To wrap up, Kelly bet sizing favors players that have a low risk of busting, which results in prospects that are “safer” to be rated higher than the toolsier players with higher risk of not making the major leagues. In fact, there is a 1-1 correspondence between bust percentage and Kelly size. This is why Torkelson was the #1 prospect; he has the lowest chance of being a bust. There are some implications here for farm system building. One is that it is important to have significant amounts of depth in a farm system. It is not a guarantee that both Adley and Grayson Rodriguez are All-Stars, and in fact it is unlikely. Relying on the best possible outcome happening is not a sustainable way to build a team.
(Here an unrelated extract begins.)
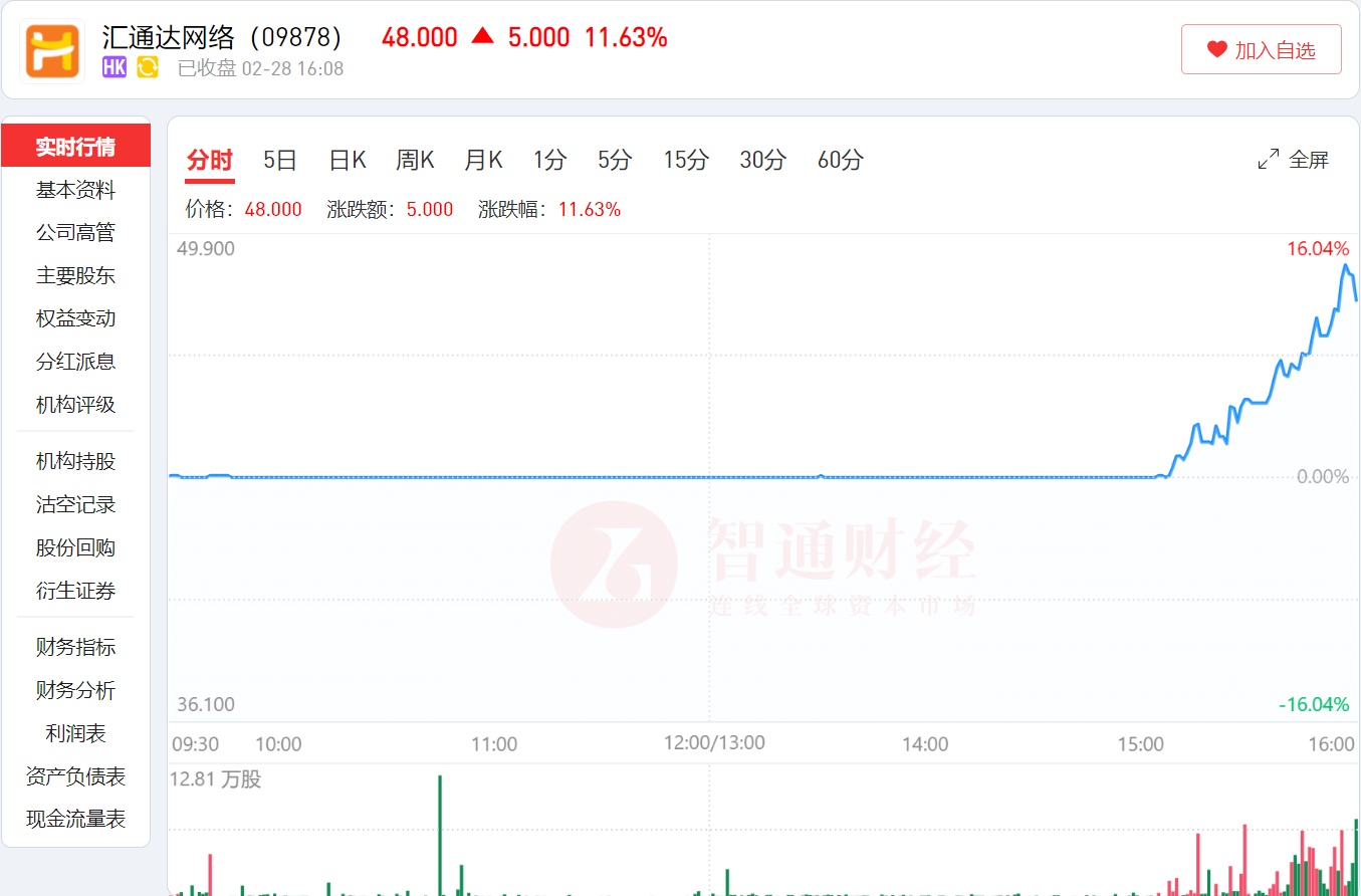 智通财经APP获悉,作为“下沉市场第一股”的汇通达网络(09878.HK),于2月28日收盘后股价为48港元,相较于上一个交易日的43港元,实现5港元的上涨,涨幅达到11.63%,盘中最高价达到49港元。

From a draft standpoint, it makes sense to allocate most of the draft pool to players with a low chance of busting. One reason why Nick Madrigal is a great draft pick even though he may not have the best career is that he had a low chance of busting given that his hit tool was so strong. His best case scenario is not as valuable as others, but that’s ok because we are getting a quality major leaguer for little money. This isn’t to say that drafting high schoolers or high risk players should not happen. In fact, an advantage a team with good coordination between the draft department and player development may have over another team that just uses analytics is that they will be able to identify high schoolers who may be risky from a model standpoint, but have traits that PD thinks they develop well, and thus have a lower risk than what the model says, which makes them more valuable.